First find the line with "- Half-covered false" in the entries below, then set down exactly every line through the line with "Am vergangenen Donnerstag", that line included.

Start of Material for this task

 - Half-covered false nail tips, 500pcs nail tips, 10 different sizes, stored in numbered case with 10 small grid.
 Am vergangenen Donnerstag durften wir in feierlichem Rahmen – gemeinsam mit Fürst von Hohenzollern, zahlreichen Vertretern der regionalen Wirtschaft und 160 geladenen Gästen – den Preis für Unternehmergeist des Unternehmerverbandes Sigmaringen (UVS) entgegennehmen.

End of Material for this task
Start of Material for this task

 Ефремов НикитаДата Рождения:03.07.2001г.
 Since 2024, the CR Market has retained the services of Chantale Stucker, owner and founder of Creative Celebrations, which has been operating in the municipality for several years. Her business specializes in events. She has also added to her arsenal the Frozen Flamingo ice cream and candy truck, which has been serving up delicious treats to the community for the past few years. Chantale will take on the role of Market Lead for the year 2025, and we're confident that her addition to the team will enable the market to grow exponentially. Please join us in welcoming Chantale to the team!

End of Material for this task

- _Result of the exercise_
 - Half-covered false nail tips, 500pcs nail tips, 10 different sizes, stored in numbered case with 10 small grid.
 Am vergangenen Donnerstag durften wir in feierlichem Rahmen – gemeinsam mit Fürst von Hohenzollern, zahlreichen Vertretern der regionalen Wirtschaft und 160 geladenen Gästen – den Preis für Unternehmergeist des Unternehmerverbandes Sigmaringen (UVS) entgegennehmen.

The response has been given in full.